In addition, group_lines (and build_lines) previously used sp::SpatialLines, rgeos::gIntersects, rgeos::gBuffer but have been updated to use sf::st_as_sf, sf::st_linestring, sf::st_intersects, and sf::st_buffer according to the R-spatial evolution, see more at https://r-spatial.org/r/2022/04/12/evolution.html.

Notes on arguments

The DT must be a data.table. If your data is a data.frame, you can convert it by reference using data.table::setDT.

The id, coords, sortBy (and optional timegroup and splitBy) arguments expect the names of respective columns in DT which correspond to the individual identifier, X and Y coordinates, sorting, timegroup (generated by group_times) and additional grouping columns.
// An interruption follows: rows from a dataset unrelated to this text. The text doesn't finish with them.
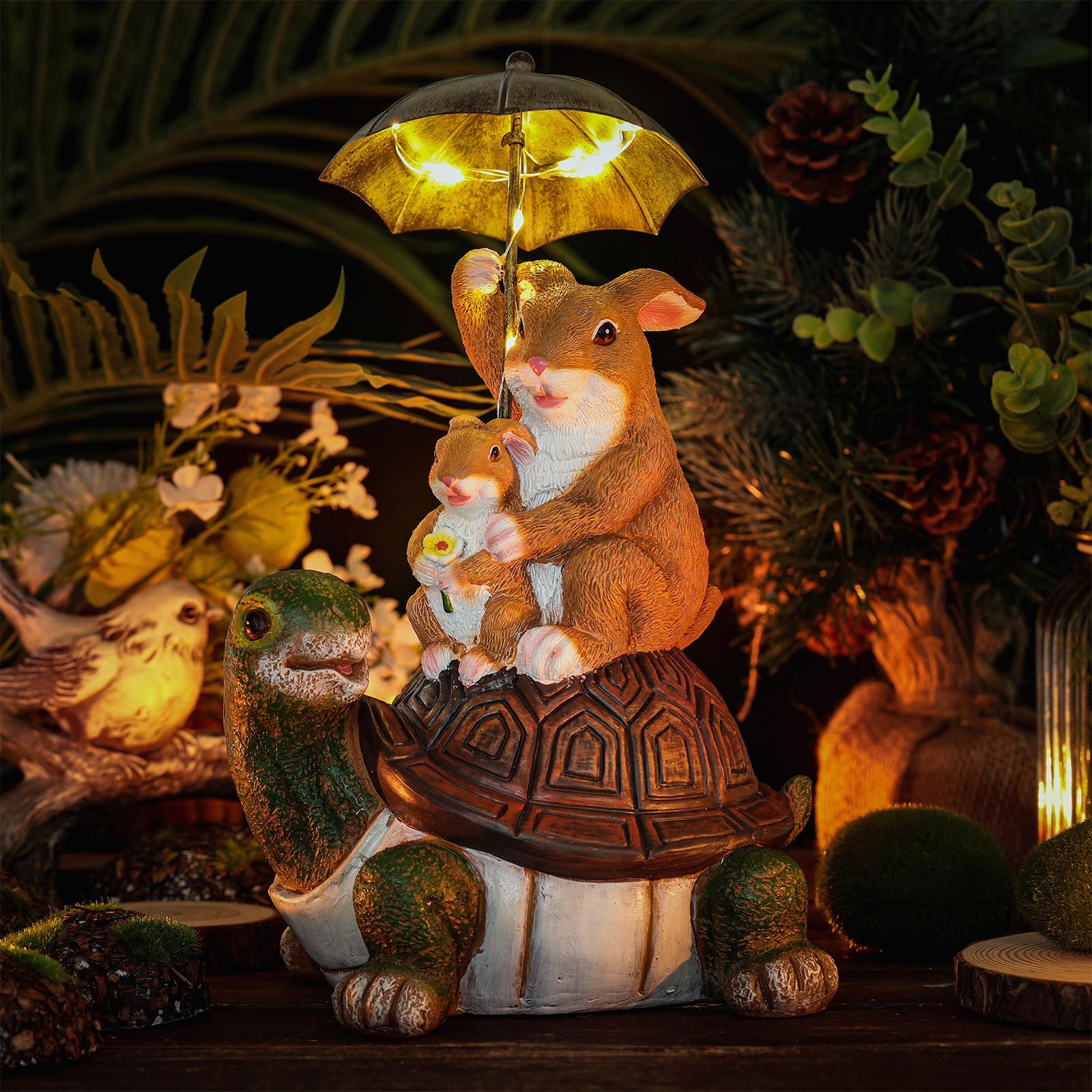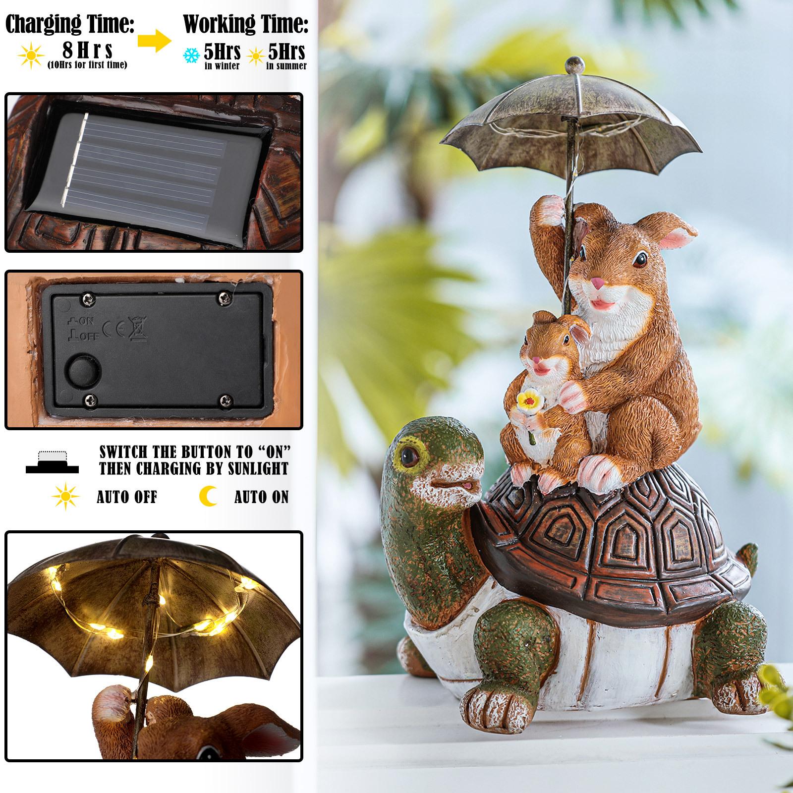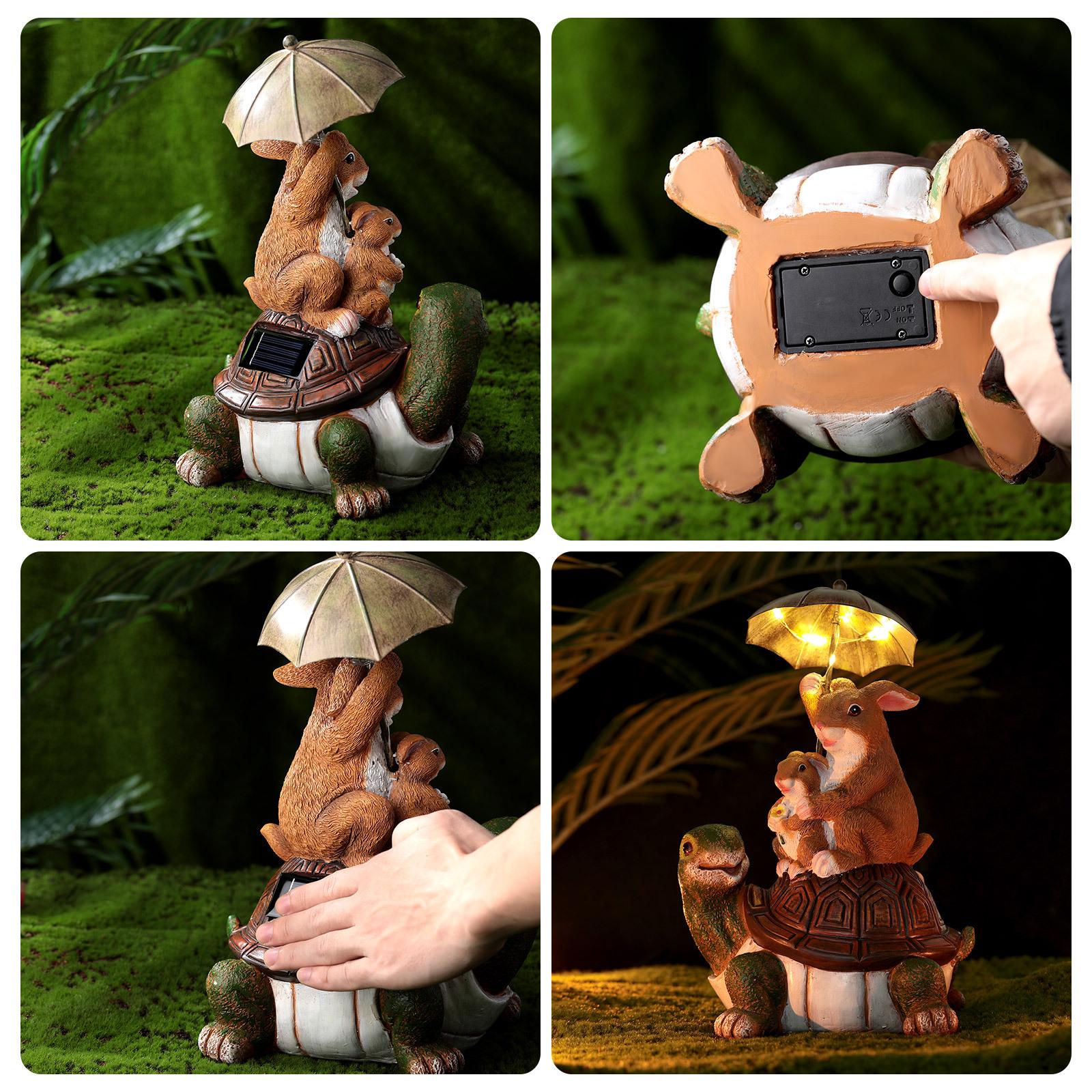 Paraguas de conejo sentado tortuga espalda decoración creativa artesanías de resina patio exterior decoraciones solares de animales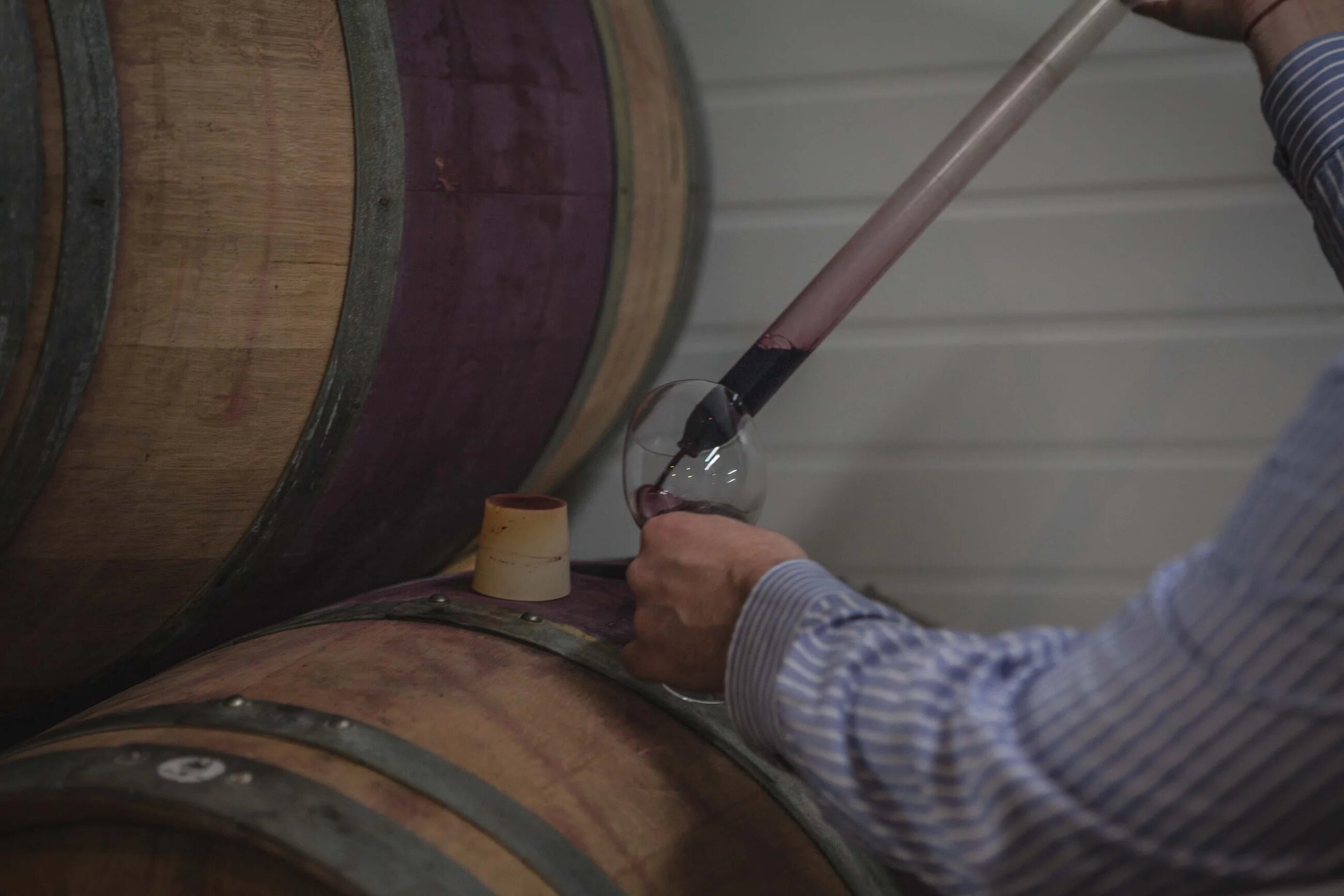 Canaan Khoury, Nadim's son and co-owner of the winery, pulls wine from a plexi wine “thief” - a long thin tube that is able to test the wine from the middle of the barrel. The device is also used to give samples of wine straight from the barrel to guests. (MEE/Andrea Dicenzo)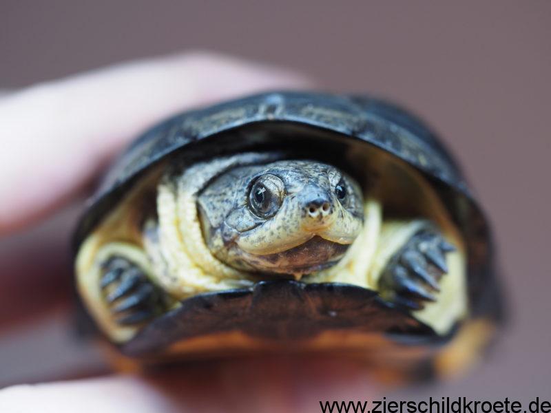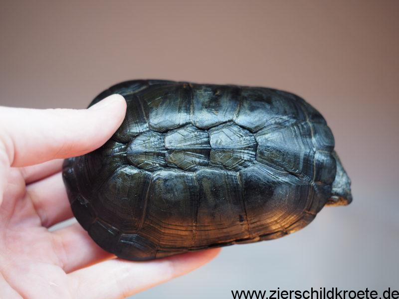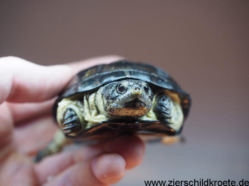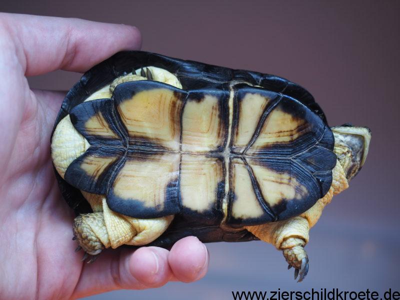 Ein paar Wochen nachdem man beide Geschlechter zur Paarung zusammengesetzt hat findet die Eiablage statt. Je nach Haltungssystem kann das sowohl im Frühjahr, als auch im Spätsommer/Herbst (nach der Trockenruhe) sein. Die Weibchen vergraben sich dazu fast vollständig unter der Oberfläche, ihr vorderes Ende zeigt dabei nach oben. Der Eiablageplatz sollte also tiefer mit Sand gefüllt sein als die weibliche Schildkröte lang ist. Ein Gelege besteht gewöhnlich aus vier bis sechs Eiern.

The projection argument expects a numeric or character defining the coordinate reference system. For example, for UTM zone 36N (EPSG 32736), the projection argument is either projection = 'EPSG:32736' or projection = 32736. See details in sf::st_crs() and https://spatialreference.org for a list of EPSG codes.

The sortBy argument is used to order the input DT when creating sf LINESTRINGs. It must a column in the input DT of type POSIXct to ensure the rows are sorted by date time.

The threshold must be provided in the units of the coordinates. The threshold can be equal to 0 if strict overlap is intended, otherwise it should be some value greater than 0. The coordinates must be planar coordinates (e.g.: UTM). In the case of UTM, a threshold = 50 would indicate a 50m distance threshold.

The timegroup argument is optional, but recommended to pair with group_times. The intended framework is to group rows temporally with group_times then spatially with group_lines (or group_pts, group_polys). With group_lines, pick a relevant group_times threshold such as '1 day' or '7 days' which is informed by your study species, system or question.

The splitBy argument offers further control building LINESTRINGs. If in your input DT, you have multiple temporal groups (e.g.: years) for example, you can provide the name of the column which identifies them and build LINESTRINGs for each individual in each year. The grouping performed by group_lines will only consider rows within each splitBy subgroup.

Value

group_lines returns the input DT appended with a "group" column.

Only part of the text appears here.